• [Source records]:
-- Opening Marker --

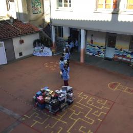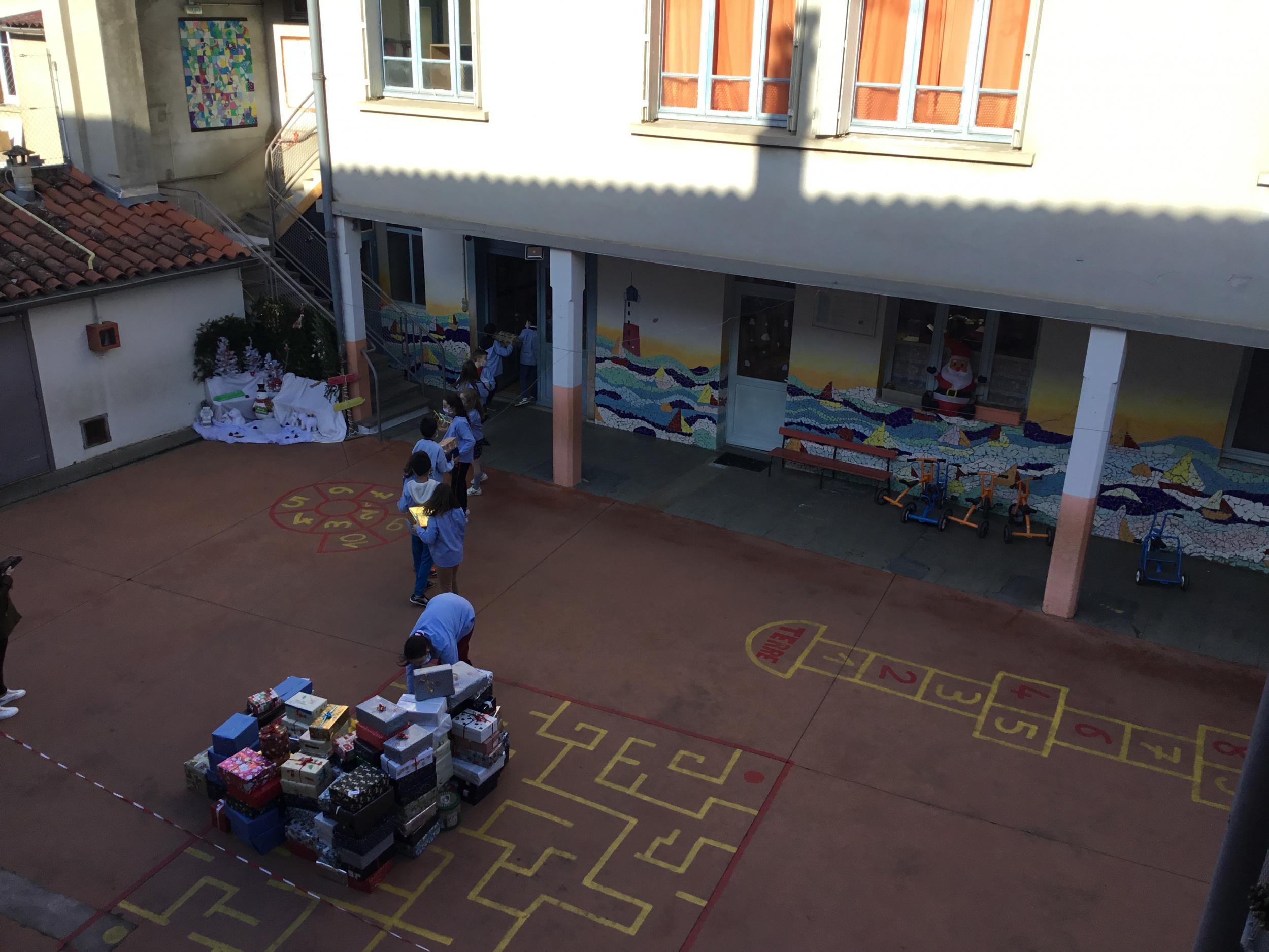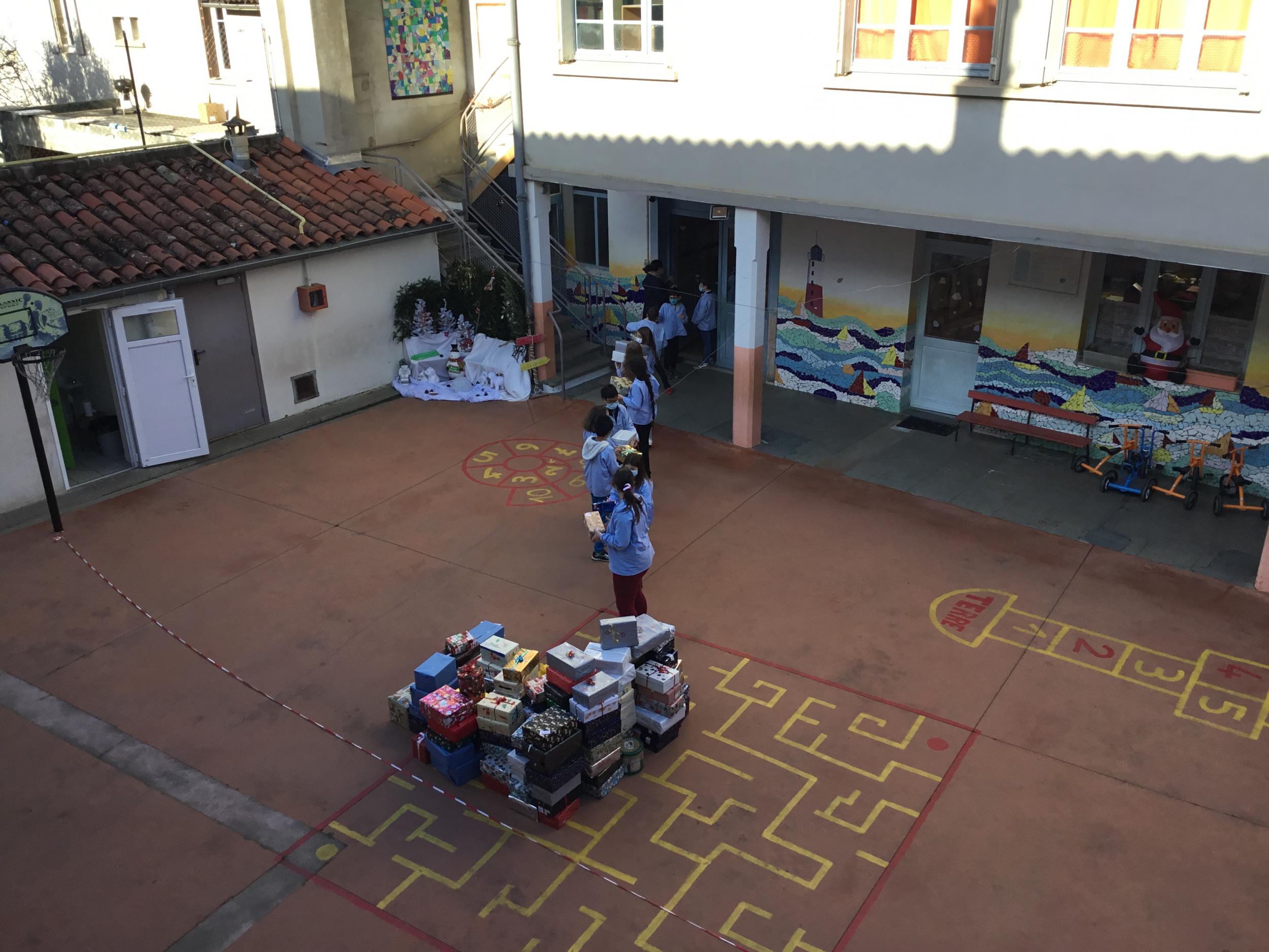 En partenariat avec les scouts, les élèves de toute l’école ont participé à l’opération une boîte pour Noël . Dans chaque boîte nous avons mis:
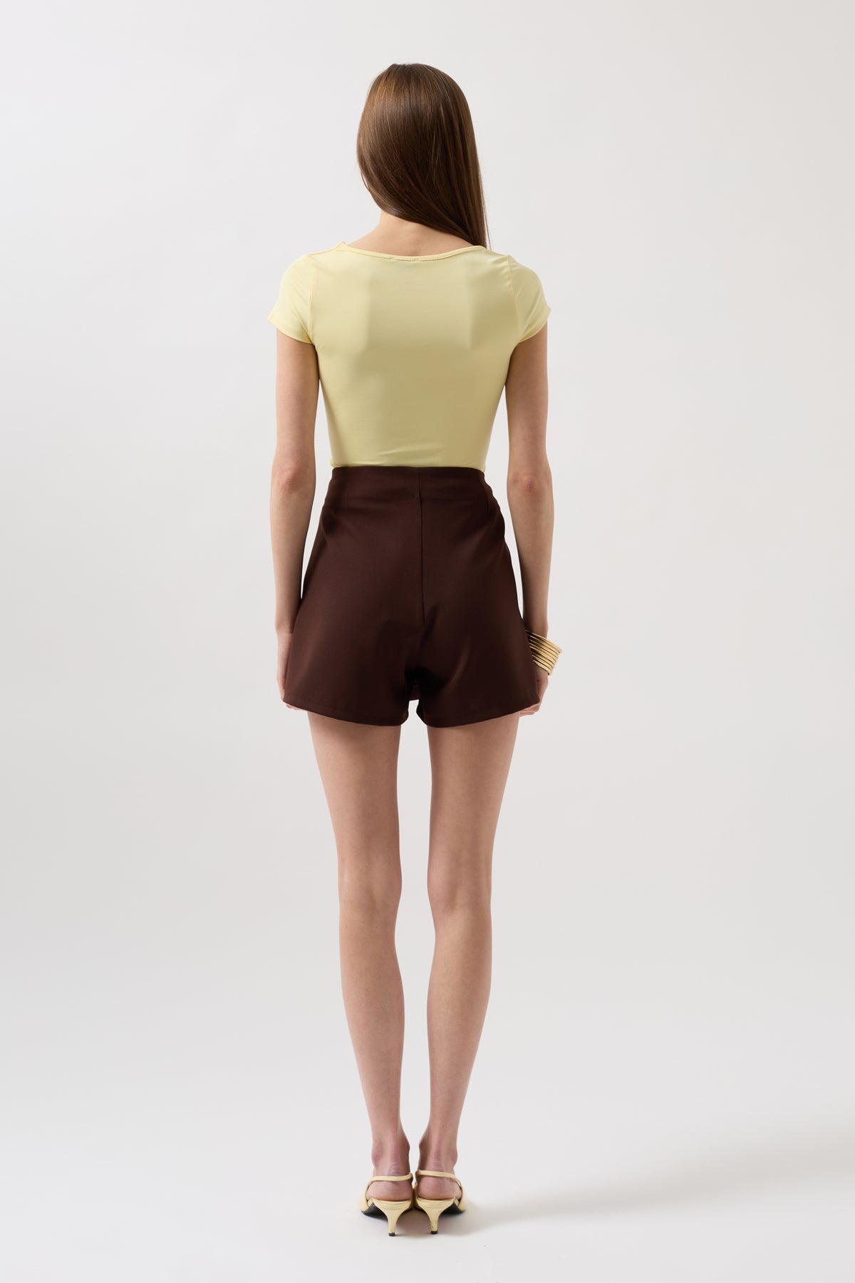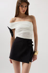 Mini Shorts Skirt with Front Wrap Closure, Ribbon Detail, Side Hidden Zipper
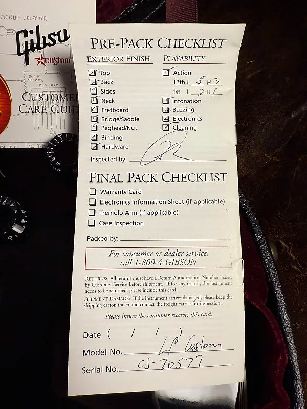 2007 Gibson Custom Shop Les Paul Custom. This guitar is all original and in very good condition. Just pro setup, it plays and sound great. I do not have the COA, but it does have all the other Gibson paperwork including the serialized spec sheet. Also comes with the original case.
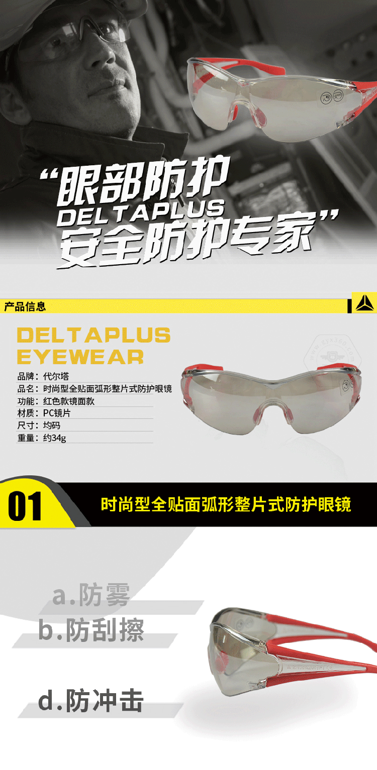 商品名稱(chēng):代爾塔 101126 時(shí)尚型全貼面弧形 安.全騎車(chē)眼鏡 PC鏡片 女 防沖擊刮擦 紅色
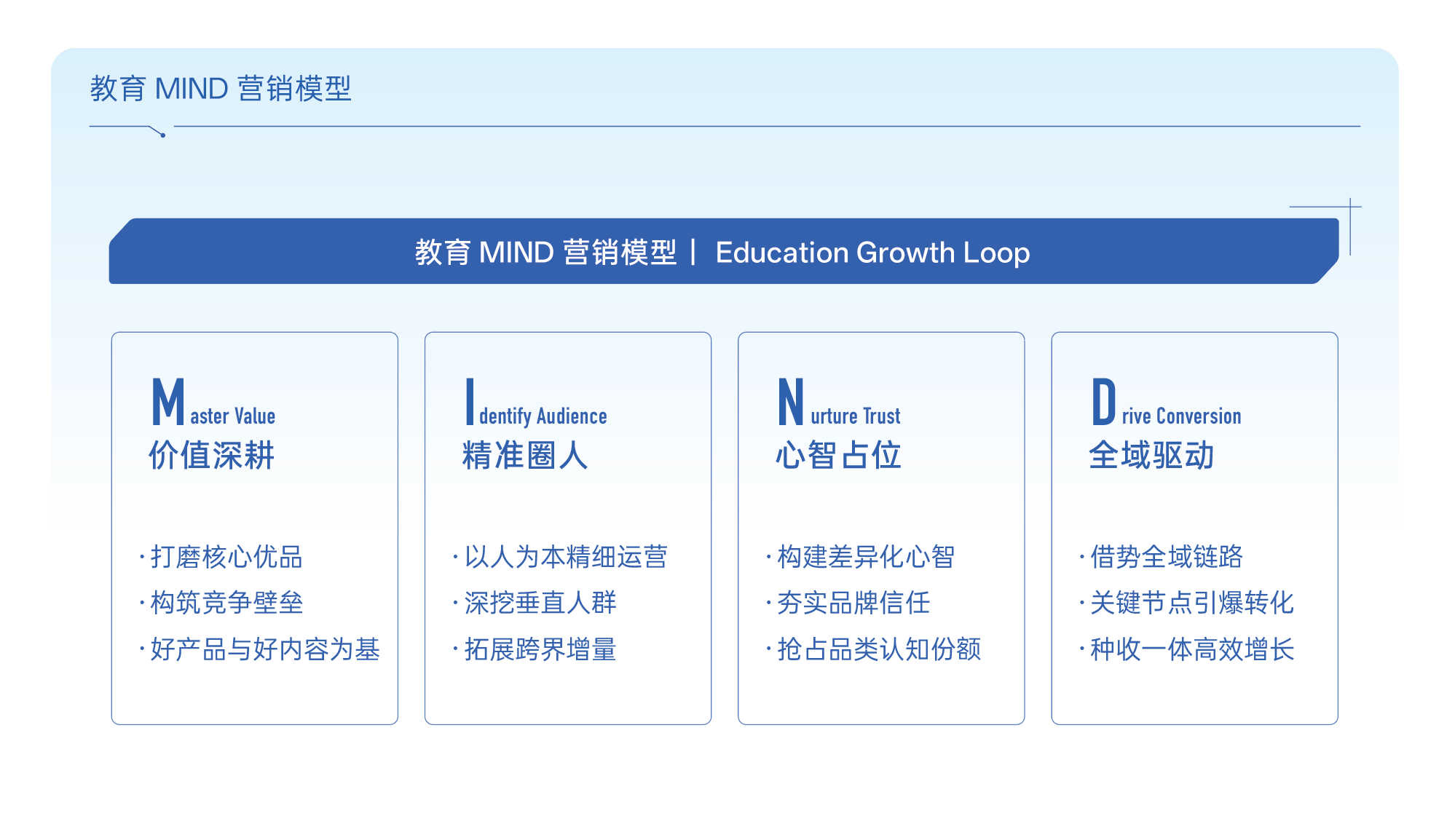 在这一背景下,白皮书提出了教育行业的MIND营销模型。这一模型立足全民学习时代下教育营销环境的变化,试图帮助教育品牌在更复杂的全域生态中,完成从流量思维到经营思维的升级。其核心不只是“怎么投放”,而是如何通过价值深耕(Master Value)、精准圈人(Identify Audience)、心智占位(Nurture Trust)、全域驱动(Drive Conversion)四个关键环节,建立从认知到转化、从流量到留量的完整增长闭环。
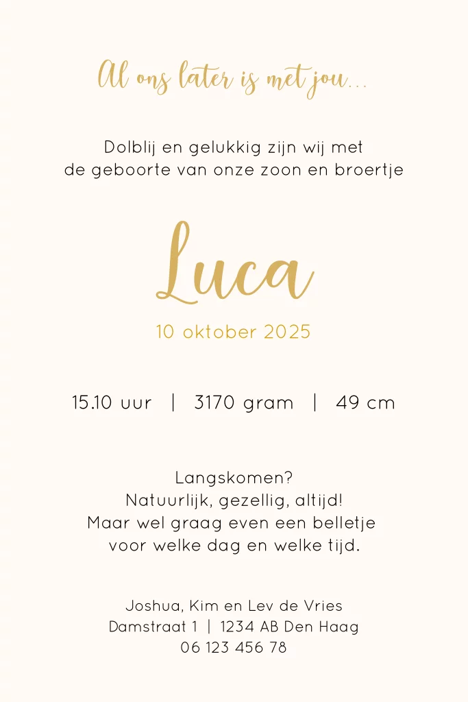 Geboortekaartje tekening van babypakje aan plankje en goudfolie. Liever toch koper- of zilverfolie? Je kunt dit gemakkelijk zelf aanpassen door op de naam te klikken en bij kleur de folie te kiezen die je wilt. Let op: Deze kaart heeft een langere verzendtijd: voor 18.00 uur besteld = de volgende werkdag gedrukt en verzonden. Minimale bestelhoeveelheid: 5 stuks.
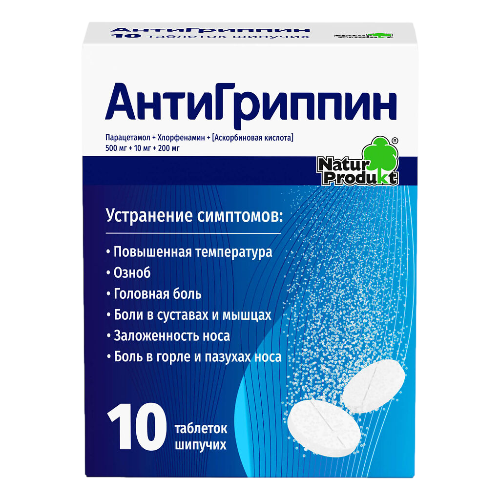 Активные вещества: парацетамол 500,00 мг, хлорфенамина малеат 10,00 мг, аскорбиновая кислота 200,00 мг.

-- Closing Marker --

Here the job is to output the lines from the top of the listing through the line holding "2007 Gibson Custom", word for word and without pictures.

 En partenariat avec les scouts, les élèves de toute l’école ont participé à l’opération une boîte pour Noël . Dans chaque boîte nous avons mis:
 Mini Shorts Skirt with Front Wrap Closure, Ribbon Detail, Side Hidden Zipper
 2007 Gibson Custom Shop Les Paul Custom. This guitar is all original and in very good condition. Just pro setup, it plays and sound great. I do not have the COA, but it does have all the other Gibson paperwork including the serialized spec sheet. Also comes with the original case.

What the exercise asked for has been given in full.